A partir de 18 h 30, aucune moto n’a le droit de circuler dans les artères de la ville de Goma, dans l’est de la RDC. Des piétons sont obligés de rentrer à la maison avant 20 h. Seules les voitures échappent à cette nouvelle réglementation. Un couvre-feu, instauré par la mairie, est en vigueur et vise à lutter contre la recrudescence de l’insécurité dans la ville. Si la petite accalmie enchante plus d’un habitant, ce couvre-feu lèse les prostituées. Il est désormais difficile pour elles de trouver des clients.
"Maintenant là, vous me trouvez en plein deuil. Je suis en train de me remettre à Dieu parce qu’il est le seul qui puisse m’aider." Zawadi Kabuo se prostitue dans les bistrots du quartier Majengo, au nord de Goma. Le couvre-feu la met dans l’embarras financier : "Je n’ai pas de père, ni de mère, ni de mari. Comment puis-je faire pour faire vivre mes trois enfants ? Avant, quand je rentrais les mains vides, je gagnais quelque chose du motard qui me transportait. Il couchait avec moi toute la nuit et soustrayait de son argent ce qu’il me devait. Aujourd’hui qu’ils ont instauré ce couvre-feu, qu’est-ce qu’ils nous veulent ?"
De nombreux conducteurs de motos sont dans le viseur de la mairie car ils sont suspectés d’implication dans des attaques à main armée qui ont eu lieu récemment. Parmi eux, de nombreux ex-militaires ou ex-policiers qui se sont recyclés en faisant le taxi-moto. Ce moyen de transport est populaire car il est bien meilleur marché que les mini-bus. On peut prendre un taxi-moto pour 1 000 CFA, c’est à dire moins d’1 dollar par nuit.
Travail foutu
Antoinette, jeune prostituée, fait remarquer que seuls les clients d’une certaine classe sociale ne sont plus au rendez-vous : "Les rares clients qui ont leurs propres voitures vont dans des boîtes de nuit. Mais la plupart de la classe moyenne dorment chez eux ; ils ne peuvent pas faire l’impossible ! Et c’est notre travail qui est foutu."

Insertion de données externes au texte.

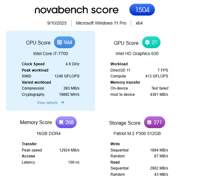- Processor: Intel Core i7-7700 @ 3.60GHz
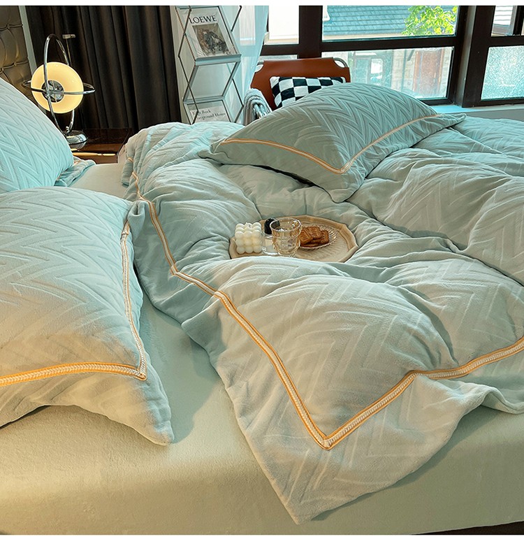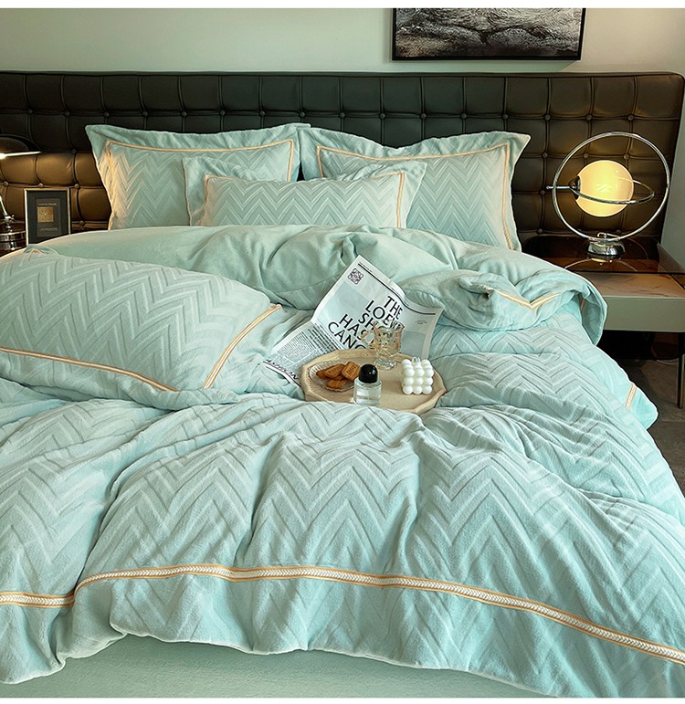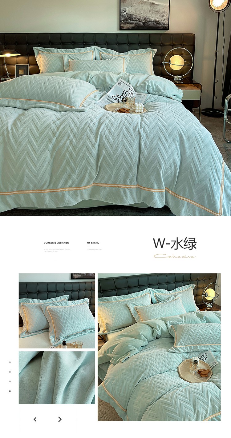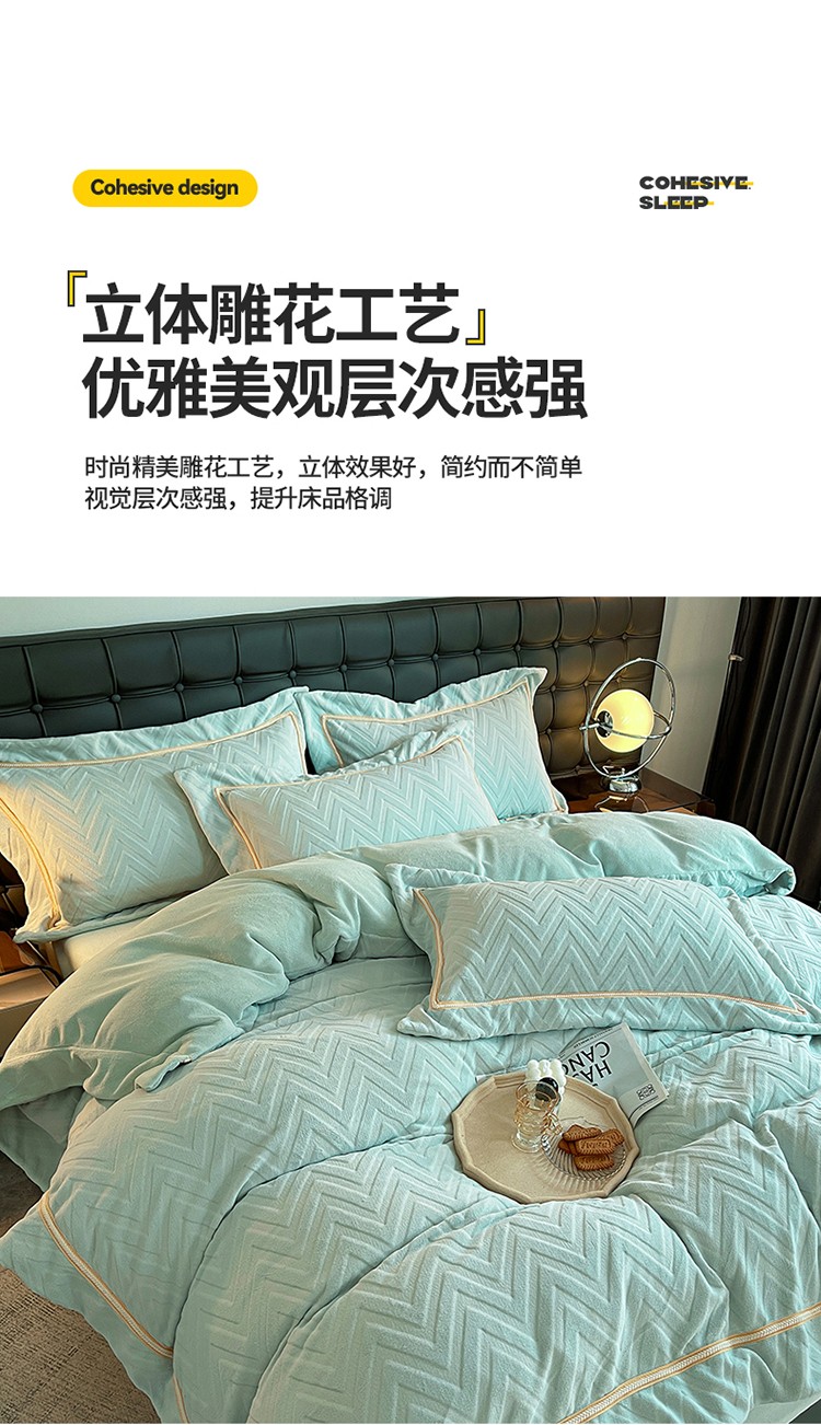 首尔 2022新款雕花牛奶绒四件套-W W-水绿

L’alternative serait de travailler pendant la journée. Ceci n’est possible que dans la plus grande discrétion, car le business du sexe est considéré comme répugnant par la tradition africaine. C’est la raison qui a poussé Zawadi Kabuo à déménager vers un quartier où elle peut recevoir ses clients en cachette. Comme astuce, elle fait semblant d’attendre un rendez-vous dans l’un des débits de boisson. Ses manières séduisantes portent ses fruits. "Je n’ai que la prostitution pour me faire vivre, dit-elle. La journée, ceux-qui viennent boire me trouvent ici. S’ils sont intéressés par mes services, on négocie le prix puis on passe à l’acte."
Davantage d’insécurité
Cependant, certaines prostituées, rentrant chez elles tardivement à pied, se plaignent d’être souvent tracassées et même violées par des patrouilleurs de l’armée régulière. Sandrine explique ce qui lui est déjà arrivé : "La sécurité qu’ils nous ont apportée nous insécurise davantage. Une nuit, par exemple, un soldat m’a demandé ma carte. Comme je ne l’avais pas et que j’avais les poches vides, il m’a obligée de coucher avec lui gratuitement. Vers une ou deux heures du matin, il m’a lâchée. Je ne savais où aller à cette heure-là parce qu’il n’y avait pas de taxis-motos. Ça fait vraiment pitié !"
Toutes les prostituées de la ville de Goma ne demandent que la reprise normale de la circulation des motos-taxis pour un meilleur exercice de leur profession. Elles menacent d’envahir le domicile du maire de la ville, auteur de ce couvre feu. Zawadi Kabuo se déchaîne : "Toutes les prostituées, nous préparons un jour ou nous débarquerons. Nous avons déjà préparé ce que nous allons lui dire. Que veut-il que nous devenions ? Dois-je aller déposer mes enfants chez lui pour qu’il les prenne en charge ? Nous irons vivre chez lui, s’il sait nourrir toutes les prostituées de cette ville."
Jusque-là, aucune réponse des autorités concernées aux desiderata de ces professionnelles de sexe.